It will be evident to those skilled in the art that the utility model is not limited to the details of the foregoing illustrative embodiments, and that the present utility model may be embodied in other specific forms without departing from the spirit or essential characteristics thereof. The present embodiments are, therefore, to be considered in all respects as illustrative and not restrictive, the scope of the utility model being indicated by the appended claims rather than by the foregoing description, and all changes which come within the meaning and range of equivalency of the claims are therefore intended to be embraced therein. Any reference sign in a claim should not be construed as limiting the claim concerned.

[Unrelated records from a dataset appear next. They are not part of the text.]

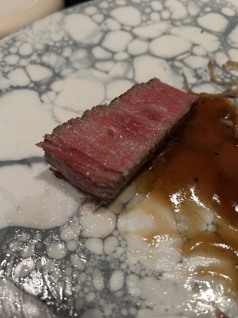 宮崎県産A5黒毛和牛。メークインのマッシュポテトに牛蒡スライス、赤ワインで炊いた洋風おかかがかかっています。黒胡椒のソースが深みがありとても美味しいのですが、それを上回る抜群の肉質でございました。ああ、美味しい。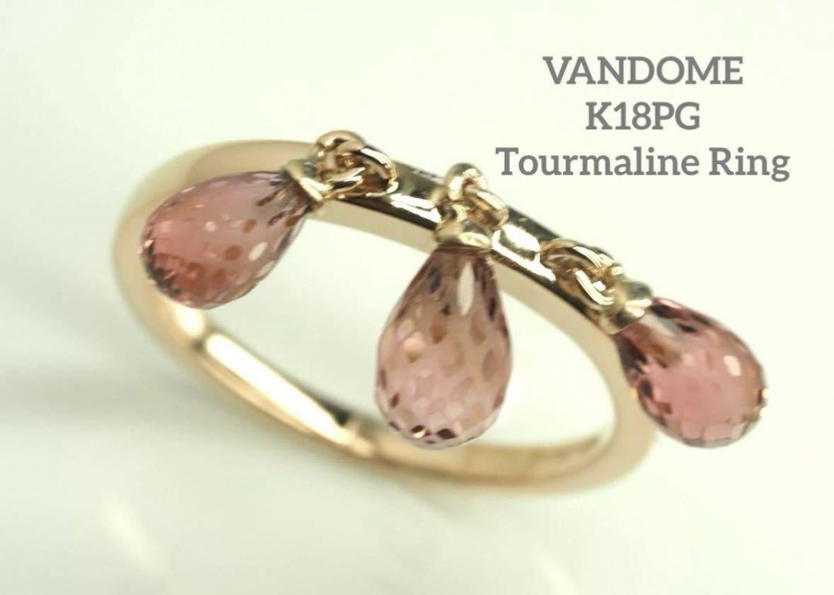 VANDOME☆ヴァンドーム K18YG天然トルマリンマルデザインリング 11号 vvv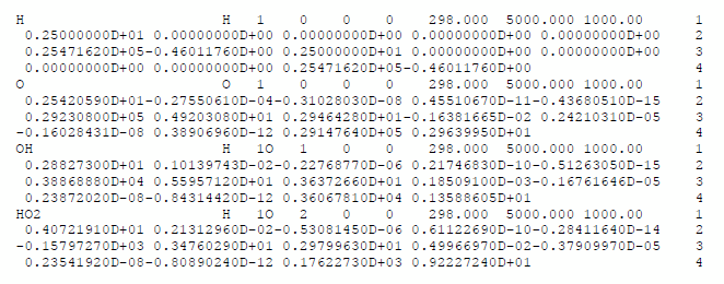 - 第 1 行:组分的名称、组分的元素成分、用于定义多项式拟合对热力学数据有效的温度范围的三个温度。例如,以下示例中的三个温度 (K) 显示了低温拟合 (298.000)、高温拟合 (5000.000) 和这些拟合之间的公共温度 (1000.00)。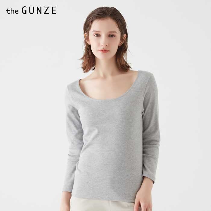 【the GUNZE】冬の綿100% 8分袖インナー(M・L・LL、ホワイト・グレーモク・ブラック・ベールブラウン・ロイヤルベージュ・チャコールグレー、¥2,200税込)は、厚手で肌側は微起毛♡

Furthermore, it should be understood that although the present disclosure describes embodiments, not every embodiment is provided with a separate embodiment, and that this description is provided for clarity only, and that the disclosure is not limited to the embodiments described in detail below, and that the embodiments described in the examples may be combined as appropriate to form other embodiments that will be apparent to those skilled in the art.
Claims (7)
1. The utility model provides a machine that can realize full-automatic spectrum and detect, includes frame (1), its characterized in that: the device is characterized in that a marble Dan Deban (2) is fixedly installed on the frame outer frame (1), a jig placing platform (3) and a Y-axis linear motor (4) are fixedly installed on the marble Dan Deban (2), an X-axis linear motor (5) is installed on the Y-axis linear motor (4), a Z-axis screw rod module (6) is installed on the X-axis linear motor (5), the Z-axis screw rod module (6) is located on one side of the X-axis linear motor (5), a spectrum detector (7) and a camera component (8) are fixedly installed on the Z-axis screw rod module (6), and the spectrum detector (7) and the camera component (8) are located above the jig placing platform (3).
2. A machine for enabling full-automatic spectroscopic detection as claimed in claim 1 wherein: the jig placing platform (3) is fixedly provided with a Bernoulli sucker (9) and a rotary pressing jig (10), and the Bernoulli sucker (9) is located at the top of the jig placing platform (3).
3. A machine for enabling full-automatic spectroscopic detection as claimed in claim 2 wherein: the rotary pressing jig (10) is positioned on the side wall of the jig placing platform (3).
4. A machine for enabling full-automatic spectroscopic detection as claimed in claim 3 wherein: and an air source triple piece (11) is fixedly arranged on the outer wall of one end of the frame outer frame (1), and the Bernoulli sucker (9) is connected with the air source triple piece (11).
5. A machine for enabling full-automatic spectroscopic detection as claimed in claim 1 wherein: the signal indicator lamp (12) is installed at the top of the frame outer frame (1), and the signal indicator lamp (12) is electrically connected with the spectrum detector (7).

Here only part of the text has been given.